16S marker gene sequencing data analysis

For generation of the 16S-derived taxa-to-sample compositional matrix, a customized Python workflow based on Quantitative Insights Into Microbial Ecology (QIIME version 1.8)³⁸ was adopted (http://qiime.org). Reads were filtered for chimeric sequences using the UCHIME algorithm version 4³⁹. Hierarchical clustering of samples was performed using UPGMA with weighted UniFrac as a distance measure as implemented in QIIME 1.8. Figures resulting from these clustering analyses were generated using the interactive tree of life (iTOL) tool⁴⁰. The Ribosomal Database Project classifier version 2.3 was performed for taxonomic classification of the sequence reads⁴¹. Alpha diversity metrics (PD whole tree, Chao1, Observed Species and Shannon) were calculated by bootstrapping 6490 reads per sample, and taking the average over 10 trials. For visualization of the differential microbiome, Cytoscape software version 3.4.0⁴² was used together with in-house developed Python scripts for generating the appropriate input data deriving from the QIIME analysis. Note that due to technical limitations in the resolution of 16S marker gene sequencing, OTU (operational taxonomic unit) calling on the level of species should be interpreted with caution.

Selection of representative Staphylococcus genomes for TaxPhlAn target discovery

Staphylococcus genomes were downloaded (n = 7247) from the NCBI assembled genomes database⁴³ (ftp.ncbi.nlm.nih.gov/genomes/genbank/bacteria/) and the NCBI Traces WGS database (https://www.ncbi.nlm.nih.gov/Traces/wgs/).

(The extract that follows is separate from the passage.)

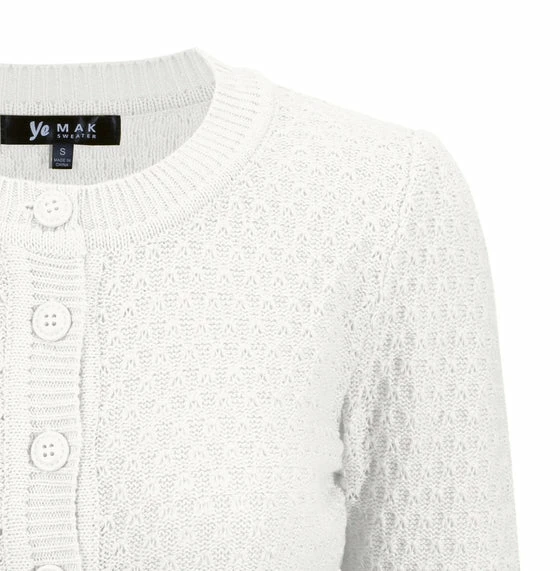 MAK Sweaters Chunky Vintage Knit Cardigan With 3/4 Sleeves In White

TaxPhlAn requires sub-selection of input genomes due to computational capacity. We selected a diverse subset of those genomes based on their 16S sequences by running a BLAST search with the full 16S gene of S. aureus subsp. aureus 71193 to each available genome (Staphylococcus 16S reference gene was downloaded from SILVA database³³ in April 2016; accession CP003045). Based on the best scoring BLAST hits, 16S genes were aligned to the aforementioned 16S reference gene by a pairwise global alignment with Needle (version EMBOSS: 6.3.1; default settings)⁴⁴. From these alignments, a 1Kb long 16S region covered by the majority of genomes was selected (n = 6569) and 16S OTU clusters were determined using UCLUST (version 1.2.22q)³⁹ for cluster building with percentage identity set to 99.7%. This yielded 24 (16S) clusters from which we equally selected 200 unique Staphylococcus genomes in total. For further details we refer to the supplementary Methods.

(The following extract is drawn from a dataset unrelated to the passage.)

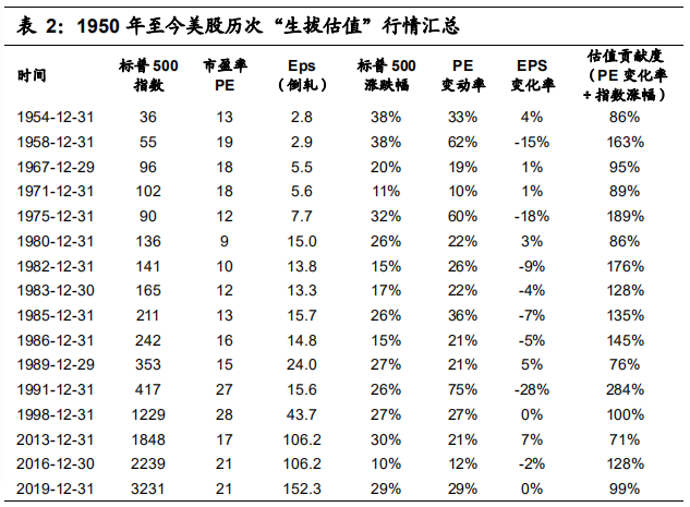 历史悠久的美股市场中也经常会发生这种“生拔估值”行情。根据统计,1950年至今,美股市场一共有 16 年可以称得上是“生拔估值”行情(定义为当年标普 500 指数上涨幅度超过 10%,且估值贡献度(PE 变化率÷指数涨幅)大于 70%)。

TaxPhlAn (Module A): SLST target discovery and design workflow

TaxPhlAn is an acronym for SLST-based Taxonomy Phylogenetic Analysis, and it is made up of two connected pipelines (Modules A and B). The TaxPhlAn Discovery & Design pipeline (Module A) finds SLST markers of single locus orthologous genes to profile specific bacterial taxa up-to and beyond the species level, based on a set of reference genomes provided by the user. It consists of a series of Perl/Python scripts, and has been made available through the supplied Docker as ‘TaxPhlAn-SLST-Design-wrapper.py’ (wrapper script). For more details concerning the TaxPhlAn Discovery & Design workflow, we refer to the supplementary Methods. In short, it consists of the following steps (Suppl. Fig. S1). Initiation and QC: (Phase I-a) data preparation based on a configuration file and input genomes; (Phase I-b) data preprocessing by input file reformatting and genome annotation. Orthology: (Phase II) orthology calculations and phylogenetic analysis on provided genomes. Target Discovery and Design: (Phase III-a) selection of core gene clusters for candidate marker genes; (Phase III-b/c) prediction of variable regions in candidate core clusters. Validation and Reporting: (Phase IV) in silico primer design and evaluation of candidate variable regions, and final reporting of results.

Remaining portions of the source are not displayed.